**The problem**. Transcribe, starting at the line with "La începutul secolului" and ending at the line with "Narożnik CUBA Grafitowy", every line of the material below exactly, but leave out the pictures and anything outside that span.

**Data supplied**.
================

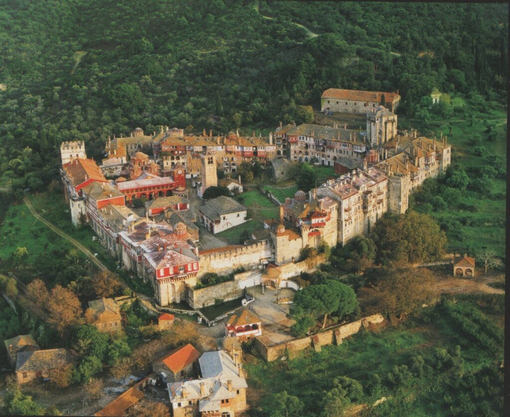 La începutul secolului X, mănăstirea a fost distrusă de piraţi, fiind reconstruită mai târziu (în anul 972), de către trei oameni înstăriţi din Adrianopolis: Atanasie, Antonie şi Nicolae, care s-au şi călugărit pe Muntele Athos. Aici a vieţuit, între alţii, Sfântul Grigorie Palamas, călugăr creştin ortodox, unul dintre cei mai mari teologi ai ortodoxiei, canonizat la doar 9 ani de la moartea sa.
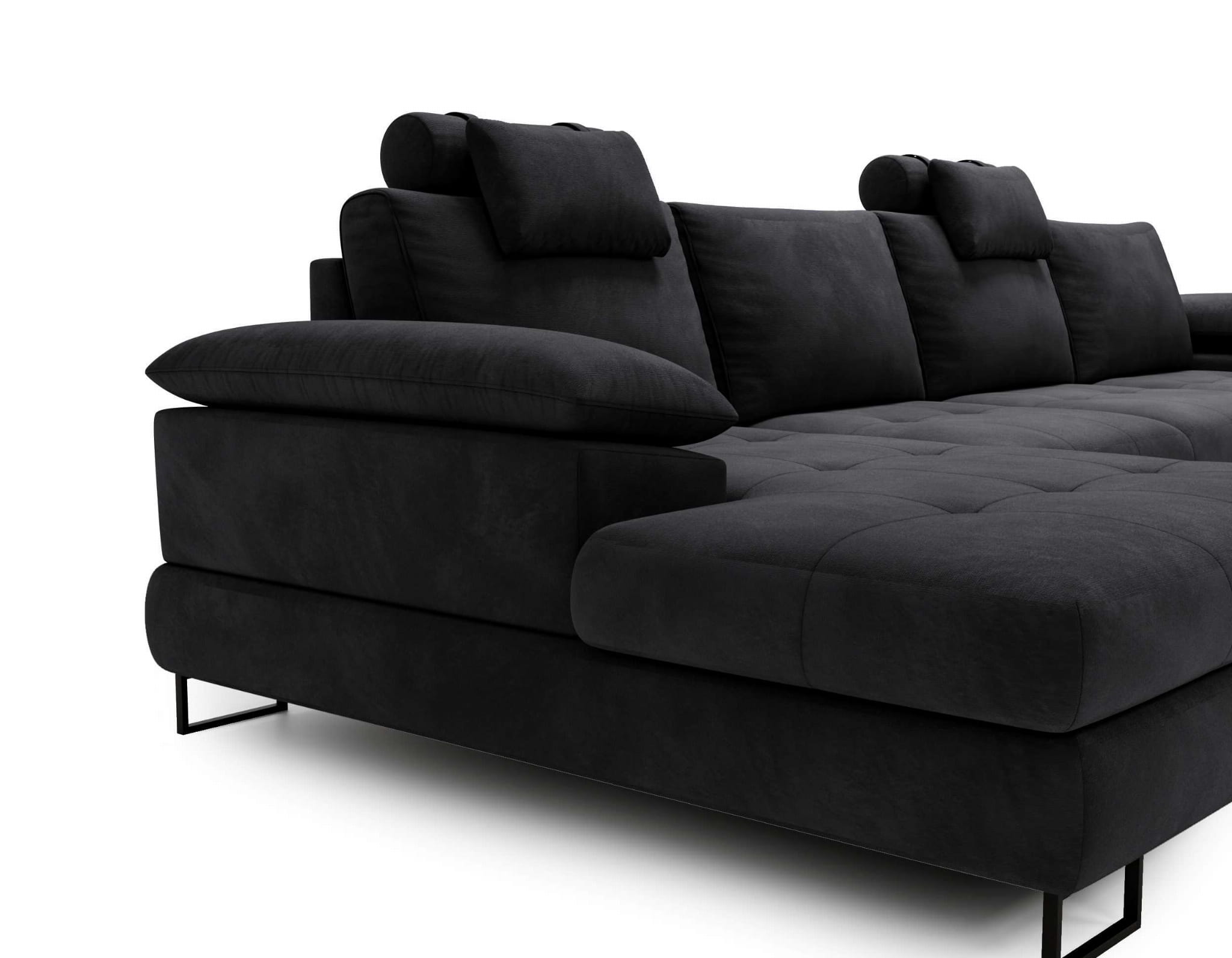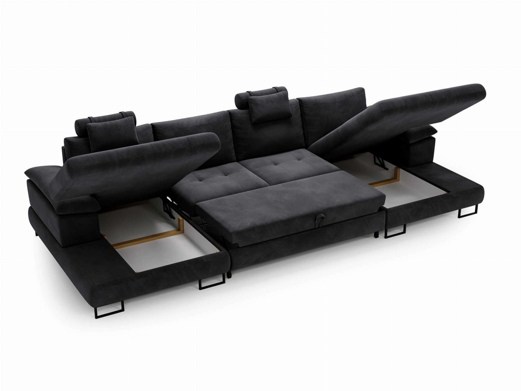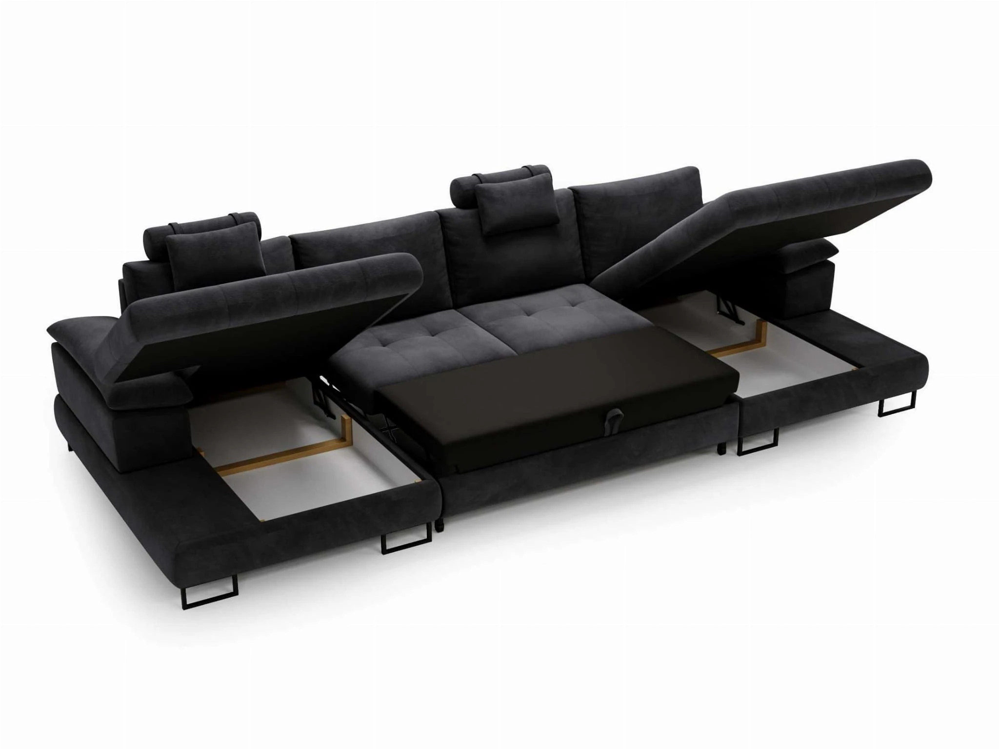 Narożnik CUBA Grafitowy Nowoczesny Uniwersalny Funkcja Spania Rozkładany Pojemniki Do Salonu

================

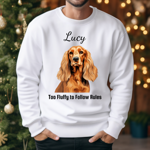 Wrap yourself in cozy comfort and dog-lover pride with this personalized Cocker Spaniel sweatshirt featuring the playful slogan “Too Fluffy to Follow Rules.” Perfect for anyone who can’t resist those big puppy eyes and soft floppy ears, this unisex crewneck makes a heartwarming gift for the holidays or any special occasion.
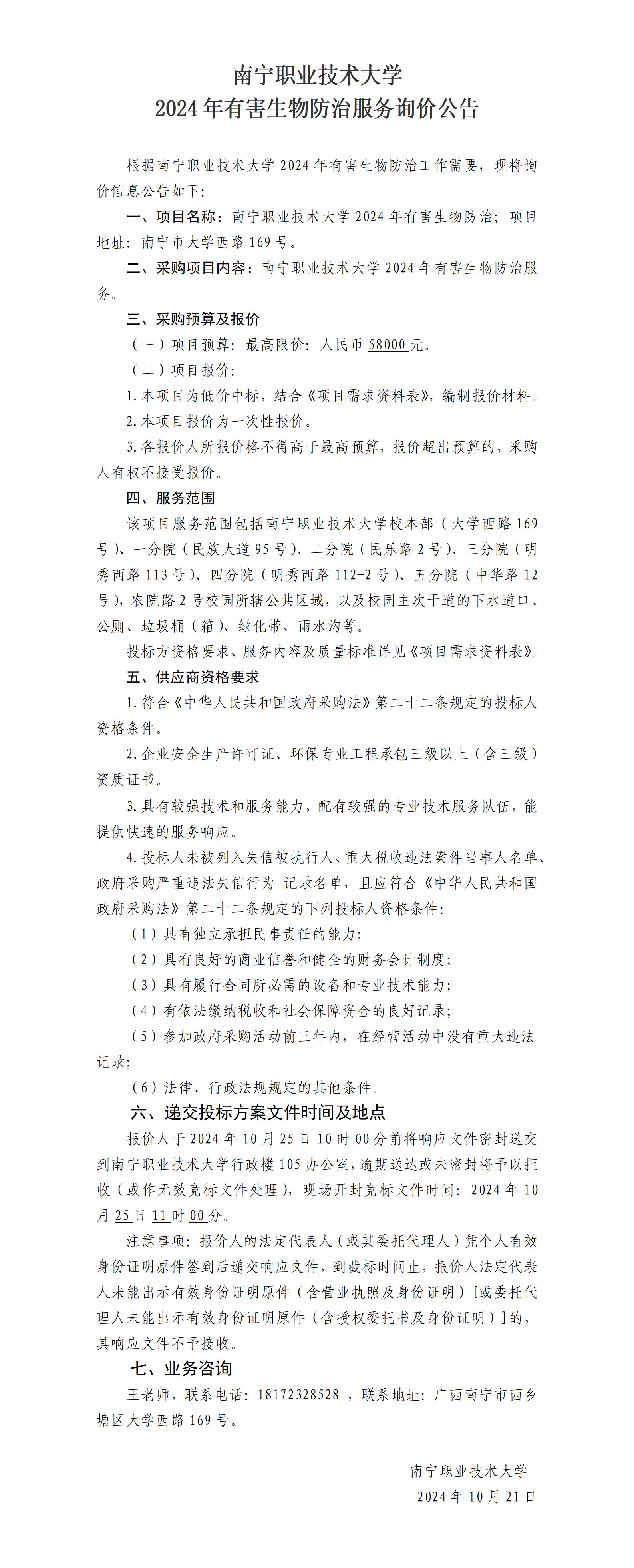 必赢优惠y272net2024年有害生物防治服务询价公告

================

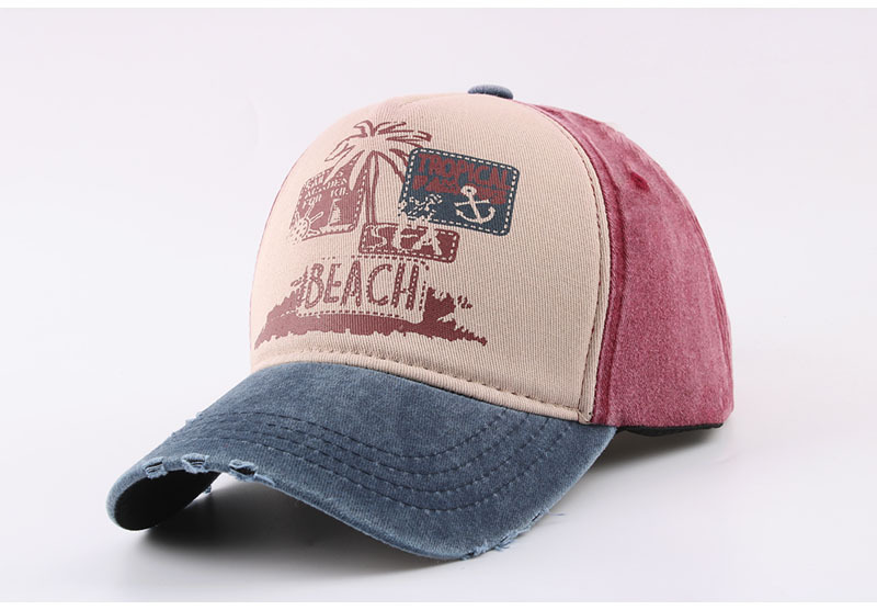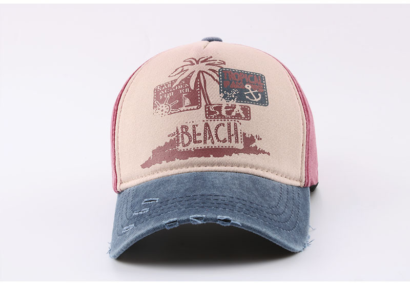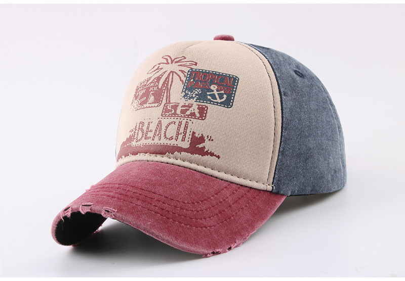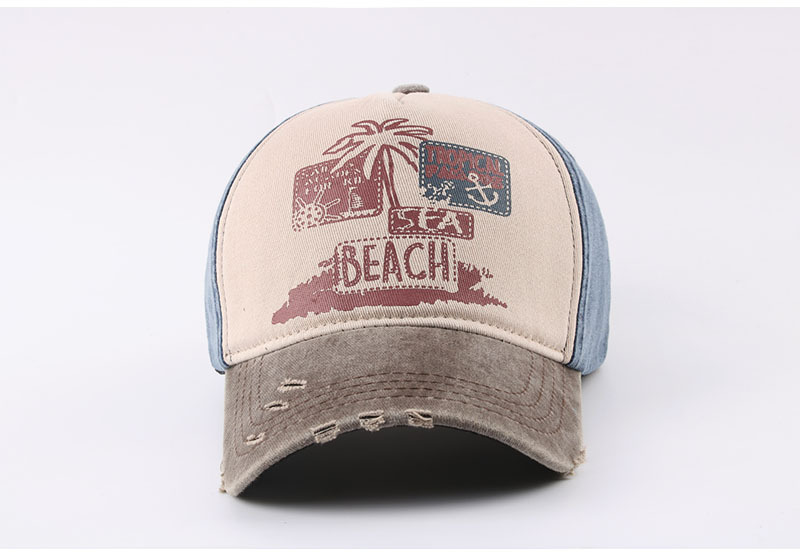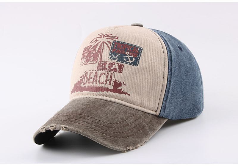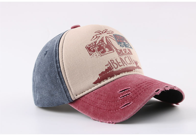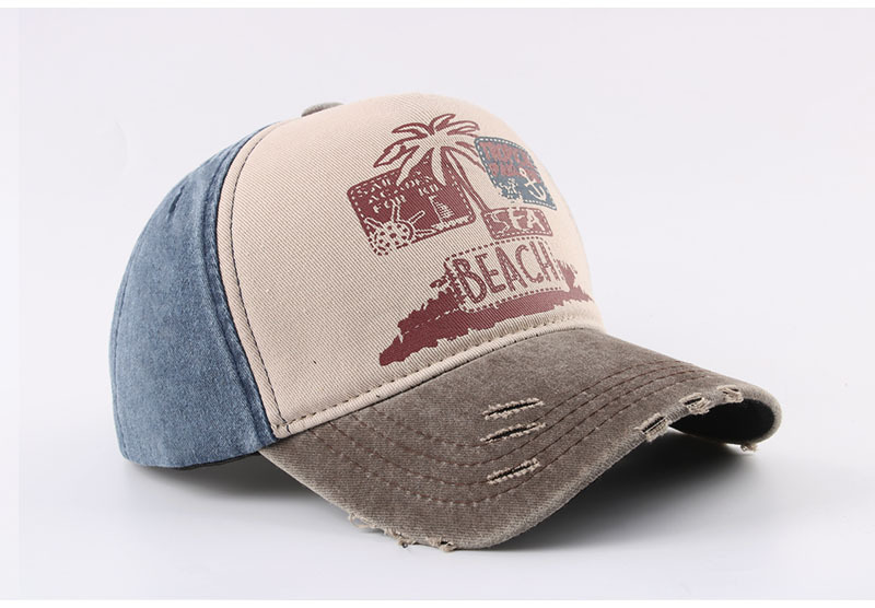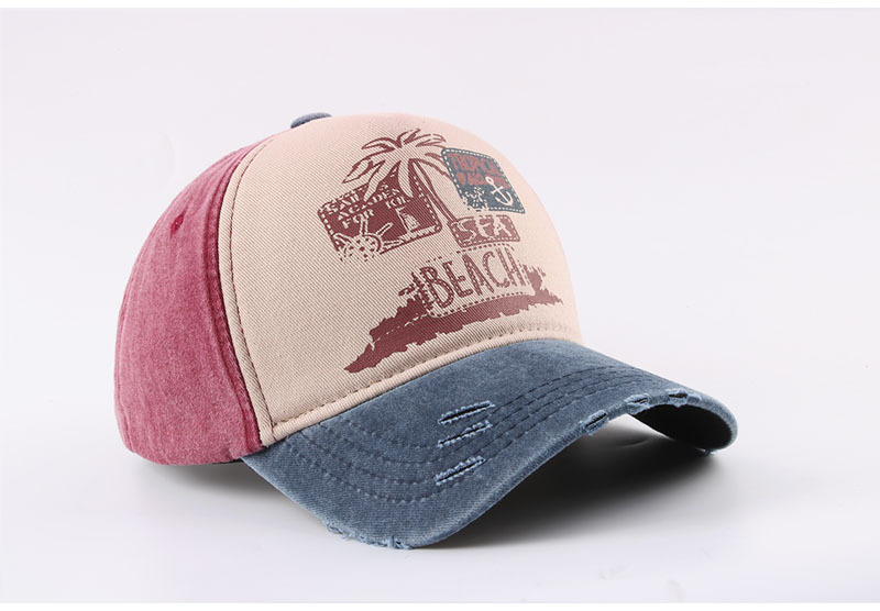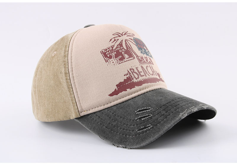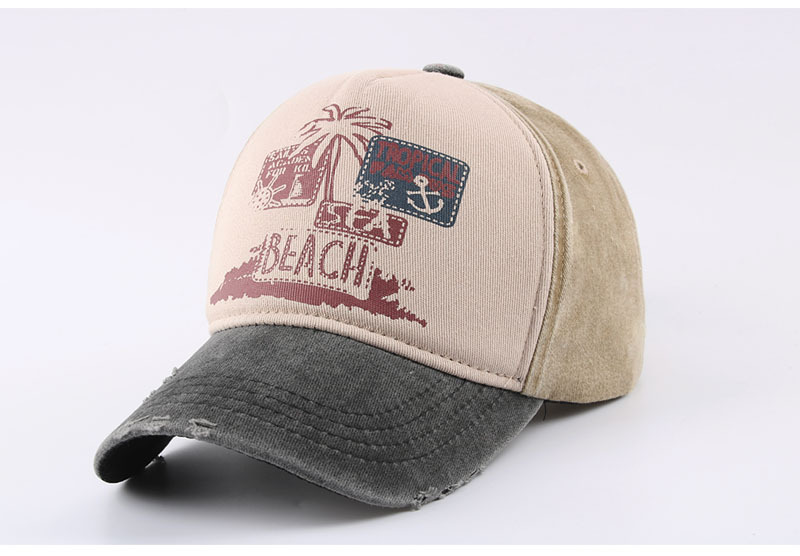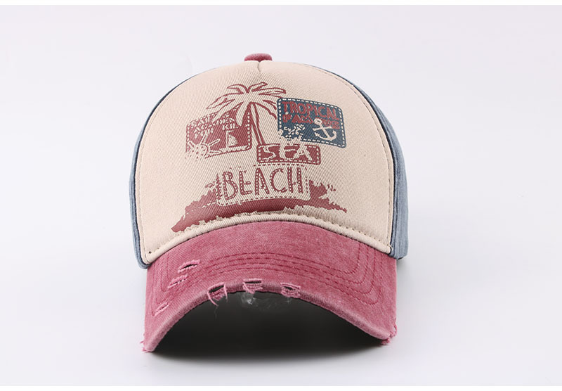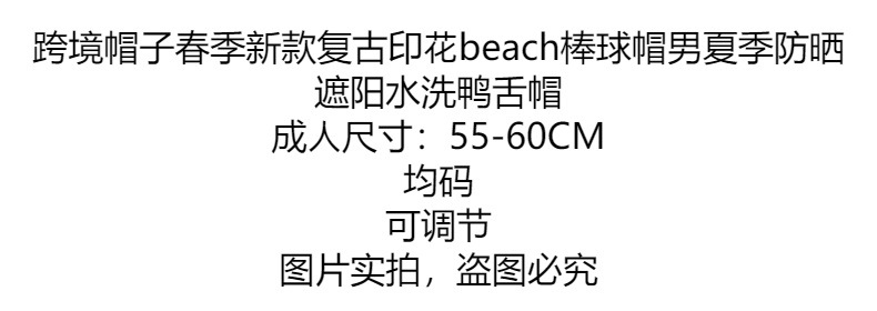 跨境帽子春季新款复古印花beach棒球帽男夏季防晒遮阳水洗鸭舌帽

================

**Answer section**.
 La începutul secolului X, mănăstirea a fost distrusă de piraţi, fiind reconstruită mai târziu (în anul 972), de către trei oameni înstăriţi din Adrianopolis: Atanasie, Antonie şi Nicolae, care s-au şi călugărit pe Muntele Athos. Aici a vieţuit, între alţii, Sfântul Grigorie Palamas, călugăr creştin ortodox, unul dintre cei mai mari teologi ai ortodoxiei, canonizat la doar 9 ani de la moartea sa.
 Narożnik CUBA Grafitowy Nowoczesny Uniwersalny Funkcja Spania Rozkładany Pojemniki Do Salonu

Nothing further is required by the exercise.